We are the DDB: The Peter Tamm Sen. Foundation/the International Maritime Museum Hamburg

The International Maritime Museum Hamburg is housed in the listed quayside warehouse B. The history of shipping from three millennia is shown on nine "decks" with valuable exhibits, ship models and paintings. The museum is run by the private non-profit Peter Tamm Sen. Foundation. It features the largest private maritime collection in the world, the Peter Tamm Collection.

The history of the International Maritime Museum Hamburg begins with the story of a young boy who grew up to be an enthusiastic collector of maritime objects. Peter Tamm (1928 - 2016) collected everything related to maritime history throughout his life. Even as a small child, his mother always brought him a present when he was ill and had to stay in bed - a miniature ship. And with that, his passion for collecting was awakened. Today, more than 1 million photographs, 100,000 books and 50,000 miniature ships and ship models as well as countless oil paintings, historical documents, nautical instruments, uniforms, maps, telescopes and other nautical collectibles make up the archive of the Peter Tamm Sen. Foundation.

The heart of the historical archive of the Peter Tamm Sen. Foundation and the focus of the digitisation is the extensive maritime library and the historical estates. Here, digitisation focuses on the preservation and publication of special bibliographical works and historically important convolutions.
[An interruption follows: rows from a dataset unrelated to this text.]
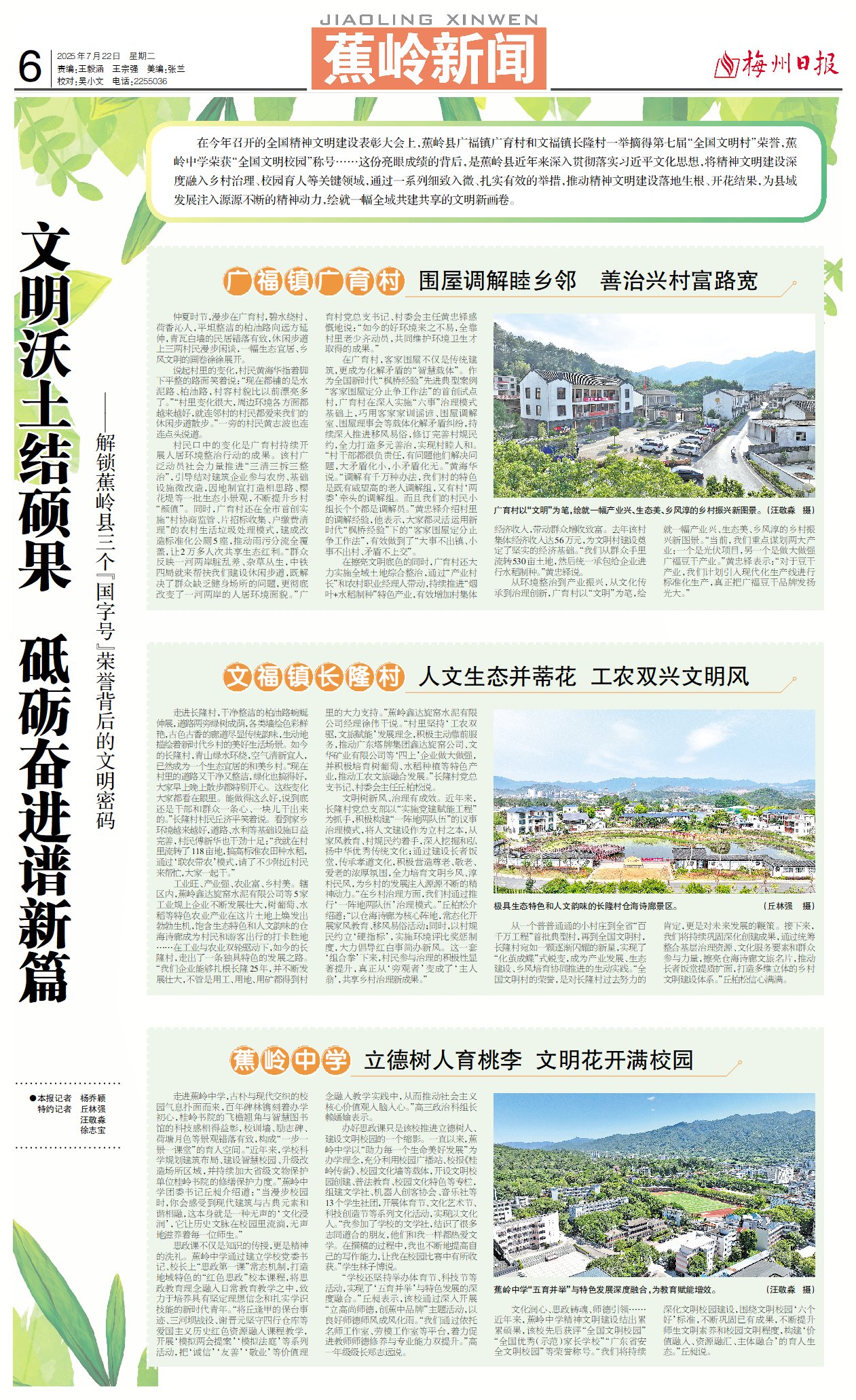在今年召开的全国精神文明建设表彰大会上,蕉岭县广福镇广育村和文福镇长隆村一举摘得第七届“全国文明村”荣誉,蕉岭中学荣获“全国文明校园”称号……这份亮眼成绩的背后,是蕉岭县近年来深入贯彻落实习近平文化思想,将精神文明建设深度融入乡村治理、校园育人等关键领域,通过一系列细致入微、扎实有效的举措,推动精神文明建设落地生根、开花结果,为县域发展注入源源不断的精神动力,绘就一幅全域共建共享的文明新画卷。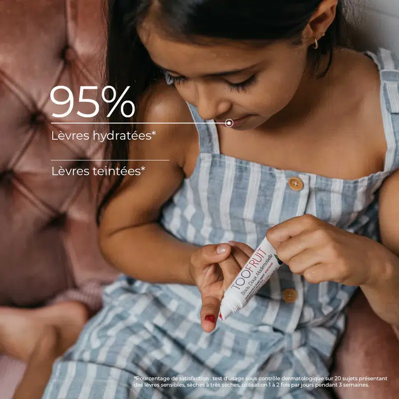 Comme notre baume Bisou Doux classique, notre soin des lèvres teinté est vendu sous la forme d’un tube applicateur de 10 mL à la fois pratique, nomade et hygiénique. Pour s’en servir, rien de plus simple : on appuie légèrement sur le tube et on applique directement le baume sur les lèvres en le répartissant avec l’embout applicateur. Trousse de toilette, cartable, poche de manteau : notre baume à lèvres se glisse partout pour une utilisation tout au long de la journée.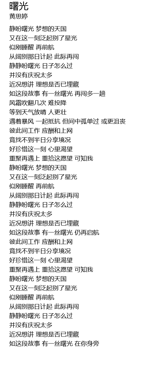 | [03:17.50] | 静静盼曙光 日子怎么过 |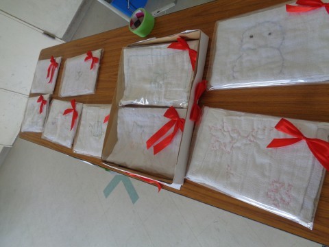 卒業の記念で,6年生がぞうきんにししゅうをして,プレゼントをしてくれました。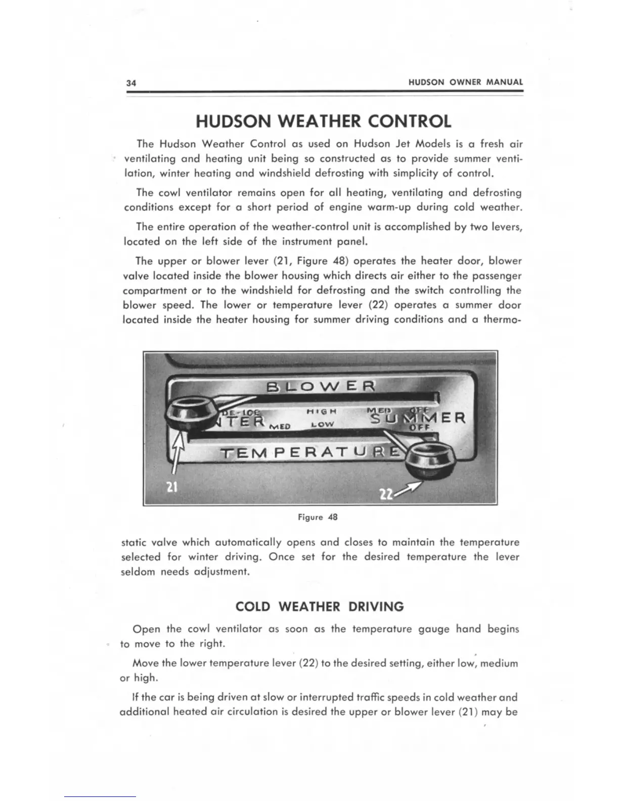 Hudson jet - Hudson Weather Control System; Cold Weather Driving Operations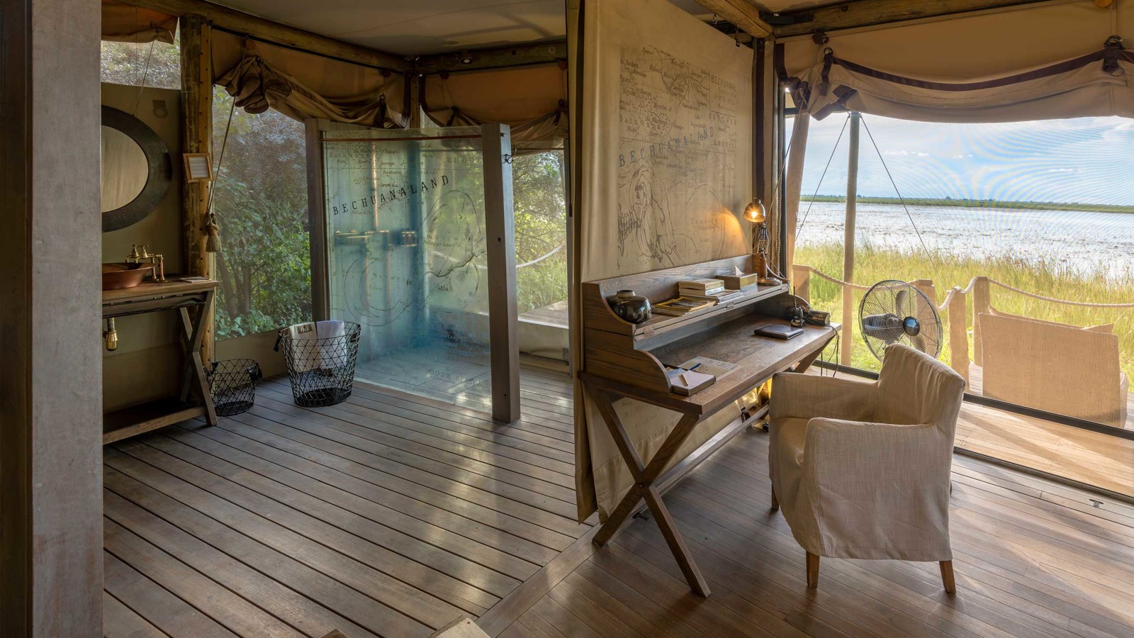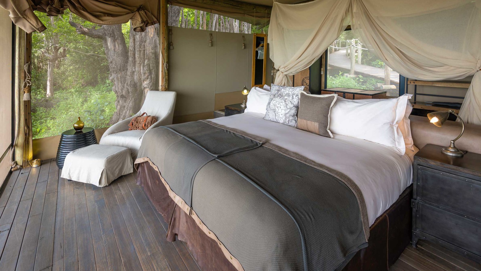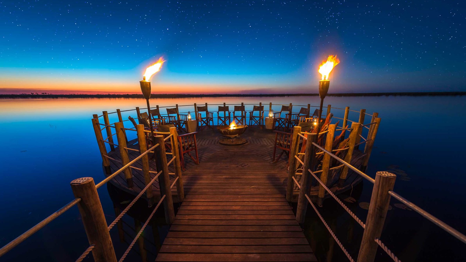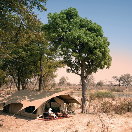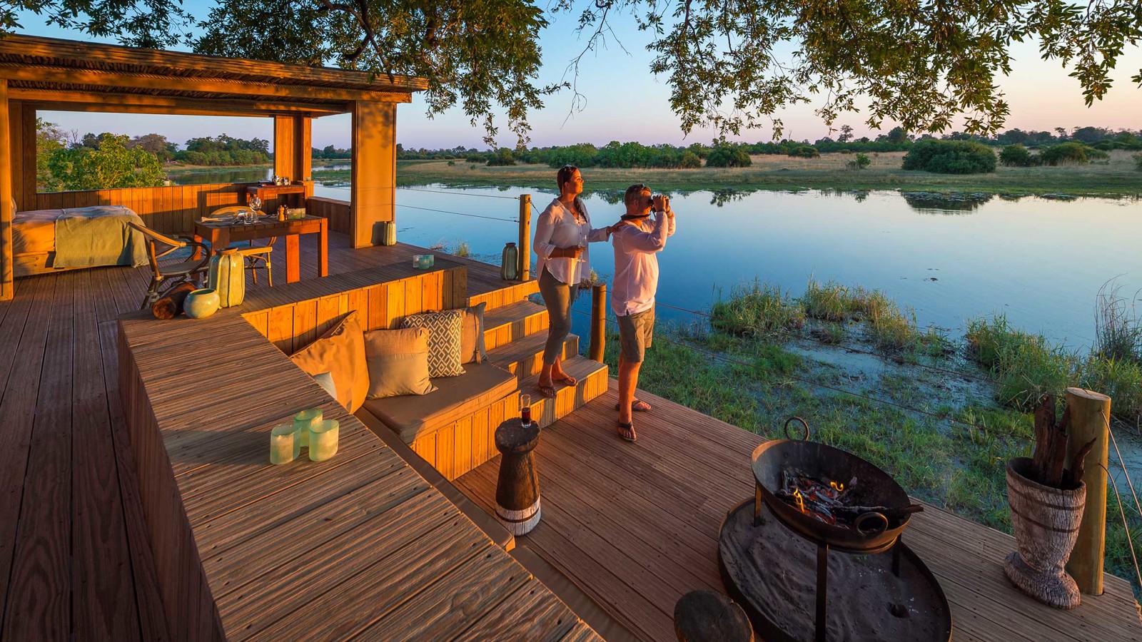 Duma Tau betyder passande nog ”rytande lejon” och ligger mellan två elefantkorridorer vid en lagun mellan floderna Savute och Linyanti i ett privat Wildlife Reserve som gränsar till nationalparken Chobe. Campen ligger på ett upphöjt däck för den fantastiska utsiktens skull där var och en av de tio tältsviterna har ett privat utsiktsdäck. Sviterna har heltäckande ”fönster” i tältduken så att du kan ligga i den underbara dubbelsängen och följa djurlivet vid flodkanalen. Inredningen är varm och rustikt mysig i subtila savannfärger. Loungedelen av campen har en stor och luftig matsal och en pool med soldäck och utsikt över lagunen. Nedanför matplatsen al fresco finns en lägerhelt på marken för nattliga berättelser och en sängfösare. Området är känt för sin stora koncentration av elefanter men även giraff, buffel och vårtsvin hör till de vanliga besökarna. Dessutom är rovdjur som lejon, gepard, fläckig hyena och leopard inte ovanliga. Runt Duma Tau finns plattformar vid utmärkta spaningsplatser där man kan jaga det perfekta fotot. Den bästa vinns vid Suvatekanalens källa där stora örnar och andra rovfåglar är vanliga.

This is entirely in the spirit of the founder, Professor Peter Tamm: 

"It is my deep conviction that it is one of the tasks of every responsible citizen to preserve history, to learn from history, and to visualise historical processes in order to help shape the future". "I, Peter Tamm Sen., founded the "Peter Tamm Sen. Foundation" with the aim of inspiring future generations to seafaring and making them aware of its importance for the prosperity of the world's population. My intention is to help make history tangible in documents, to enable scientific research, to preserve art and culture as the historical conscience of a nation, and to learn from it, free from political currents and momentary demands of the zeitgeist."

With the digitisation of the holdings of the Peter Tamm Sen. Foundation, important monographs and contemporary historical documents from the 16th to 19th centuries are thus made available to science. These can be, for example, navigational methods and techniques of seafaring from the early modern period as well as early cartographies of the coasts and oceans. A special complete work are the earliest known copies of a total of eleven handwritten manuscripts of the "Nomenclator Navalis" - one of the important indexes for nautical terms from the 17th century. The unpublished manuscript was handwritten by Henry Manwayring in the early 17th century (D1/2/4-46538-19).

"An Abstract and Exposition of all things, pertayning to the Practick of Navigation", Henry Manwayring, ca. 1620 (Sign. 46538-19, S. 5) (CC BY-NC 4.0)

In addition, regarding digitisation projects, biographies from the 17th and 18th Century to great explorers of the world and important personalities of maritime history, such as James Cook and Horatio Nelson have been digitised and made accessible to the public.

"A Narrative of the Voyages round the World Performed by Captain James Cook", Andrew Kippis, 1788 (Sign. 57867-43, S. 160)(CC BY-NC 4.0)

The Peter Tamm Sen. Foundation owns an extensive collection of over 500 document volumes, including manuscripts of historically important naval personalities from the 19th and 20th Century. Among them a personal diary of Prince Heinrich of Prussia (1862-1929) about his training voyages to become a naval officer on board the SMS "Niobe", "Renown" and "Prinz Adalbert" (1877-1880).

Personal diary of Prince Henry of Prussia, 1877-1880 (p. 1) (CC BY-NC 4.0)

The Peter Tamm Sen. Foundation has been involved in the DDB since the project funding for the digitisation of the IMMH's holdings. As part of the project funding, more than 60,000 objects with over 1 million digitised items will be digitised by the end of 2022 and made available to the public and the scientific community. The project is funded by the Federal Government Commissioner for Culture and the Media (BKM).